In block 66, the temporary search string table 62A is used to identify search strings that are “popular.” A given search string may be treated as popular if, for example, it was submitted by more than a selected threshold of users (e.g., ten) over the relevant time interval. In block 68, the temporary tables 62A, 64A are used to count, for each (popular search string, item category) pair, the number of users in common (i.e., the number that both submitted the string and accessed the category during the relevant time period). The results of this task are depicted by the preliminary mapping table 68A in FIG. 2. In this example, the table 68A reveals that of the users who submitted string A, twenty seven also accessed category A, zero accessed category B, and so on. Although not illustrated in FIG. 2, the correlation data represented by this table 68A may optionally be merged with correlation data from prior iterations/time intervals before proceeding to the next step.

In block 70, a correlation score is calculated for each (popular string, item category) pair. The equation shown below may be used for this purpose, in which “CS” stands for “correlation score:”

CS(string, category)=C/SQRT(A·B)

where:

- A=number of users that submitted the string,
- B=number of users that accessed the category, and
- C=number of users that both submitted string and accessed the category.

The correlation score is a measure of the degree to which the particular search string and item category are related. Any of a variety of other equations or algorithms may be used to calculate the correlation scores.
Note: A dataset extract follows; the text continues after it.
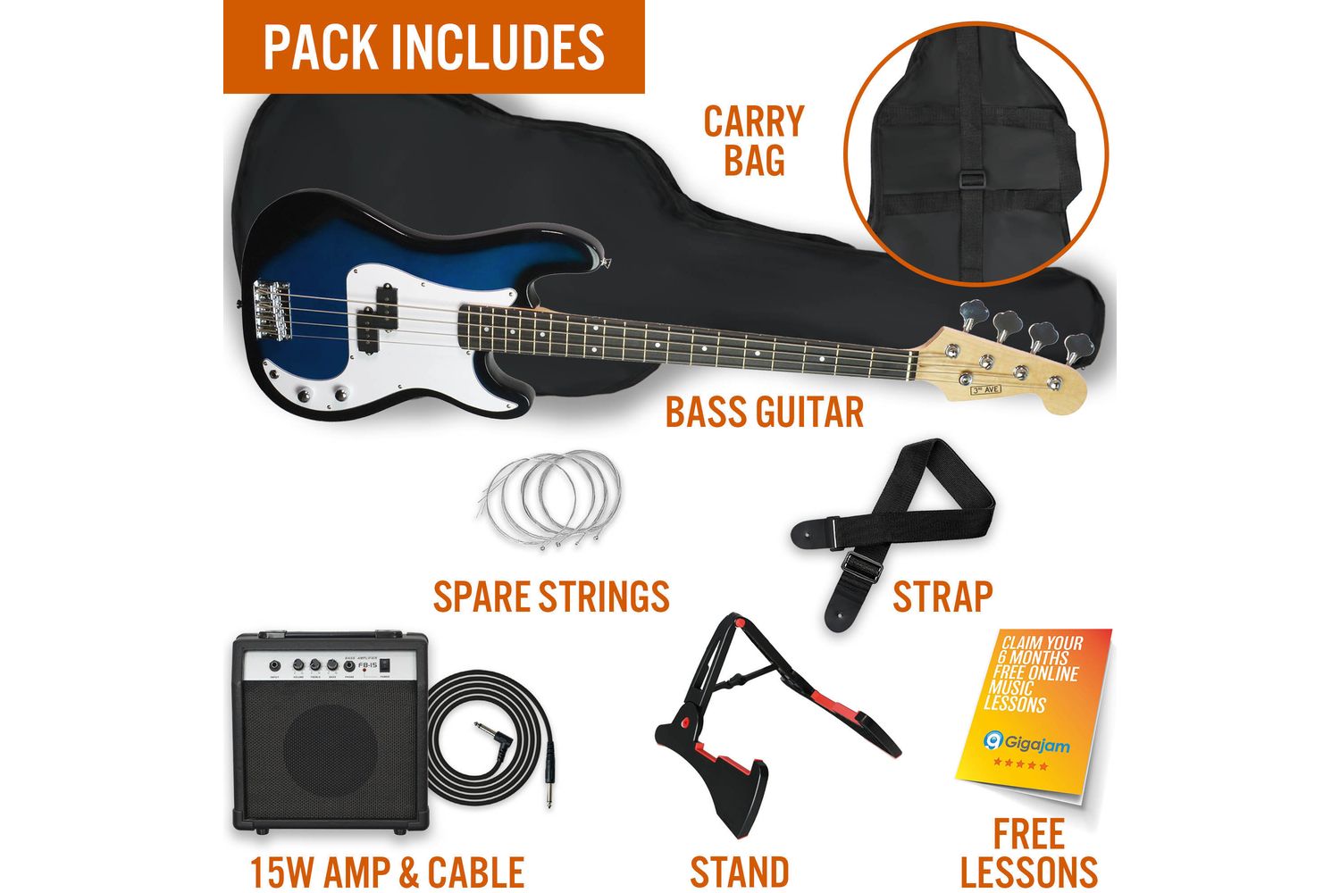 If you are looking for a bass guitar package that sounds as impressive as its looks, the 3rd Avenue Bass Guitar Pack makes a fine selection. Join the influential community of 3rd Avenue players in Ireland, and let your bass guitar journey begin in the blueburst glory of this premium pack.

The following are examples:

Cosine Method:

CS(string, category)=C/SQRT(A·B)

where:

- A=number of users that submitted the string,
- B=number of users that accessed the category, and
- C=number of users that both submitted string and accessed the category.

Relative Risk Method:

CS=(A/B)/(C/D)

where:

- A=number of users that both submitted string and accessed the category,
- B=number of users that submitted string
- C=number of users that did not submit the string and accessed the category
- D=number of users that did not submit the string

Odds Ratio Method:

CS=(A/C)/(E/F)

where:

- A=number of users that both submitted string and accessed the category,
- C=number of users that did not submit the string and accessed the category
- E=number of users that submitted the string but did not access the category
- F=number of users that did not submit the string and did not access the category

Probability Lift Method:

alpha=32*log(frequency-of-use rank of B)−84
CS=C/B−(alpha)*A/D

where:

- A=number of users that accessed the category
- B=number of users that submitted the string,
- C=number of users that both submitted the string and accessed the category
- D=Total number of users who have accessed any category and have made any search
- w is a weighting factor such as 0.20.

Weighted method: The above mentioned scores can be combined in a variety of ways to produce a weighted average of multiple scores. For example:

ΣW_iCS_i

where W is a weighting function for each correlation score, CS is the correlation score itself, and ΣW_i=1. For example, we could combine the Cosine and Probability List methods as follows:

CS=w(Cosine Method)+(1−w)*(Probability Lift Method)
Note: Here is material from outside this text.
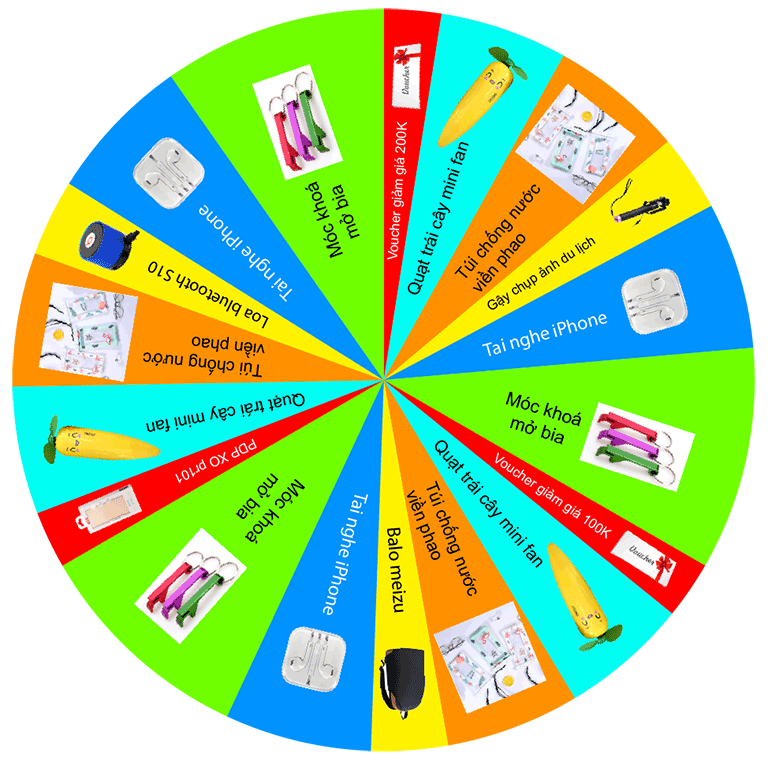Phần thưởng trong vòng quay với số lượng có hạn như sau:

where w is a weighting factor such as 0.20.

In block 72, for each popular string, the list of categories (CAT_A, CAT_B, CAT_C . . . ) is sorted from highest to correlation score, or equivalently, for highest to lowest degree of association with the particular search string. In addition, each such list of categories is truncated to a fixed maximum length (e.g. ten categories), so that only those categories most closely related to the particular search string are retained in each list. The result of block 72 is a set of string-to-category mappings of the form shown in FIG. 1 (table 40 in exploded form). As mentioned above, the correlation score values may, but need not, be retained.

As will be apparent from the foregoing description of FIG. 2, if a user submits a particular search string and accesses a particular item category within the time interval associated with the retrieved activity data, these two events will affect the correlation score for this (search string, item category) pair. One variation to the algorithm is to take into consideration only those category access events that are deemed to be the result of, or closely associated with, the search string submission. For instance, in this example, the category access event may be excluded from consideration in calculating the correlation score for this (search string, item category) pair unless one of the following conditions is satisfied: (a) the user accessed the item category within a threshold number of clicks (e.g., 10) before or after submitting the search string; (b) the user accessed the item category within a threshold amount of time (e.g., 3 minutes) before or after submitting the search string; or (c) the user accessed the item category after submitting the search string and before submitting a new search string.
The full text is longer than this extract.